Seine Vorliebe für Kammermusik und Gesang führte ihn, parallel zu einer intensiven solistischen Tätigkeit, mit Künstlern wie Ivan Monighetti, Sol Gabetta, Gautier und Renaud Capuçon, Patricia Kopatchinskaja, Reto Bieri, Mirjam Tschopp, Quartetto di Cremona, Ransom Wilson, Raphäel Oleg, Claudia Barainsky, Jennifer Larmore und Hans Peter Blochwitz bei Konzerten und Aufnahmen zusammen.

Riccardo Bovino konzertierte in wichtigen Konzertsälen, u.a. der Tonhalle Zürich, der Wigmore Hall London, dem Musikverein Wien, dem Coliseo Buenos Aires, dem Concertgebow Amsterdam, dem Rudolfinum Prag sowie dem Stadt Casino Basel und gastiert an Festivals wie dem Lucerne Festival, dem Montpellier Festival, dem Davoser und dem Engadine Festival, «Les Musèiques» Basel, dem Grazer Oster-Festival, dem Båstad Chambermusic Festival sowie den «Settimane musicali» Stresa.

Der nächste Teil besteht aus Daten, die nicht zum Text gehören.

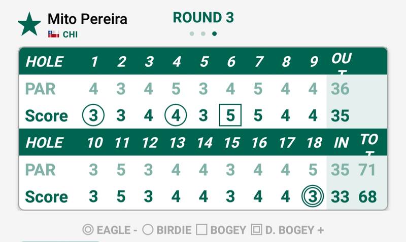 Es que Mito anotó 68 golpes en la tercera ronda producto de un bogey, dos birdies y un eagle en el hoyo 18, que dejaron al nacional 20º, a siete golpes de los líderes, el francés Paul Barjon y el estadounidense Lee Hodges.

2004-2007 studierte Riccardo Bovino als Dirigent bei Dennis Russel Davies am Mozarteum in Salzburg. Neben seiner intensiven Tätigkeit als Solist und Kammermusikpartner gilt sein Interesse im Besonderen der Leitung verschiedener Ensembles und Orchester und der Verbreitung zeitgenössischer Musik. Zahlreich sind die Aufnahmen, die er für verschiedene Rundfunkstationen Europas gemacht hat (u.a. Radio DRS 2, ORF 1, Radio France, Swedish Radio).